LES DIEUX DES ROMAINS N’ONT JAMAIS PRIS SOIN D’EMPÊCHER QUE LES MOEURS NE FISSENT PÉRIR LA RÉPUBLIQUE.
Mais, pour revenir à la question, qu’on célèbre tant qu’on voudra la république romaine, telle qu’elle a été ou telle qu’elle est, il est certain que, selon leurs plus savants écrivains, elle était déchue bien avant l’avénement du Christ; que dis-je? n’ayant plus de moeurs, elle n’était déjà plus. Pour l’empêcher de périr, qu’auraient dû faire les dieux protecteurs? lui donner les préceptes qui règlent la vie et forment les moeurs, en échange de tant de prêtres, de temples, de sacrifices, de cérémonies, de fêtes et de jeux solennels. Mais en tout cela les démons ne songeaient qu’à leur intérêt, se mettant fort peu en peine de la manière dont le peuple vivait, le portant au contraire à mal vivre, pourvu qu’asservi par la crainte il continuât de les honorer. Si on répond qu’ils lui ont donné des préceptes, qu’on les cite, qu’on les montre; qu’on nous dise à quel commandement des dieux ont désobéi les Gracques en troublant l’Etat par leurs séditions; Marius, Cinna et Carbon, en allumant des guerres civiles injustes dans leurs commencements, cruelles dans leur progrès, sanglantes dans leur terme; Sylla enfin, dont on ne saurait lire la vie, les moeurs, les actions dans Salluste et dans les autres historiens, sans frémir d’horreur. Qui n’avouera qu’une telle république avait cessé d’exister? Dira-t-on, pour la défense de ces dieux, qu’ils ont abandonné Rome à cause de cette corruption même, selon ces vers de Virgile1:
« Les dieux protecteurs de cet empire ont tous abandonné leurs temples et leurs autels».
Mais d’abord, s’il en est ainsi, les païens n’ont pas le droit de se plaindre que la religion chrétienne leur ait fait perdre la protection de leurs dieux, puisque déjà les moeurs corrompues de leurs ancêtres avaient chassé des autels de Rome, comme des mouches, tout cet essaim de petites divinités.
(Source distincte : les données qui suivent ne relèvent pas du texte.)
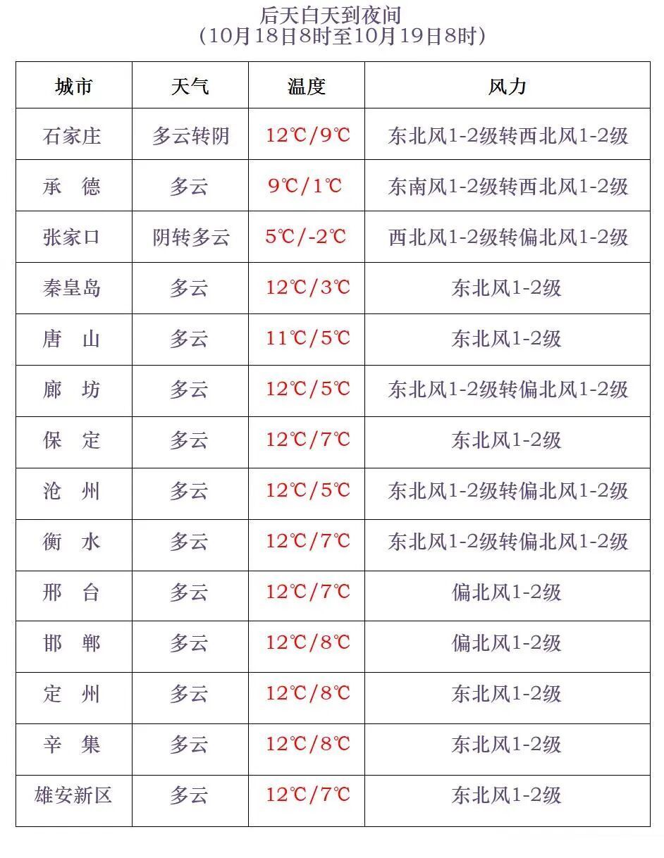 18-19日早晨,张家口、承德、保定西北部最低气温下降8~12℃,其他地区下降5~8℃。保定、廊坊以北地区有霜冻,其中坝上地区有冰冻。

Où était d’ailleurs cette armée de dieux, lorsque Rome, longtemps avant la corruption des moeurs antiques, fut prise et brûlée par les Gaulois? S’ils étaient là, ils dormaient sans doute; car de toute la ville tombée au pouvoir de l’ennemi, il ne restait aux Romains que le Capitole, qui aurait été pris comme tout le reste, si les oies n’eussent veillé pendant le sommeil des dieux2. Et de là, l’institution de la fête des oies, qui fit presque tomber Rome dans les superstitions des Egyptiens, adorateurs des bêtes et des oiseaux3. Mais mon dessein n’est pas de parler présentement de ces maux extérieurs qui se rapportent au corps plutôt qu’à l’esprit et qui ont pour cause la guerre ou tout autre fléau; je ne parle que de la décadence des moeurs, d’abord insensiblement altérées, puis s’écoulant comme un torrent et entraînant si rapidement la république dans leur ruine qu’il n’en restait plus, au jugement de graves esprits, que les murailles et les maisons. Certes, les dieux auraient eu raison de se retirer d’elle pour la laisser périr, et, comme dit Virgile, d’abandonner leurs temples et leurs autels, si elle eût méprisé leurs préceptes de vertu et de justice; mais que dire de ces dieux, qui ne veulent plus vivre avec un peuple qui les adore, sous prétexte qu’il vit mal, quand ils ne lui ont pas appris à bien vivre?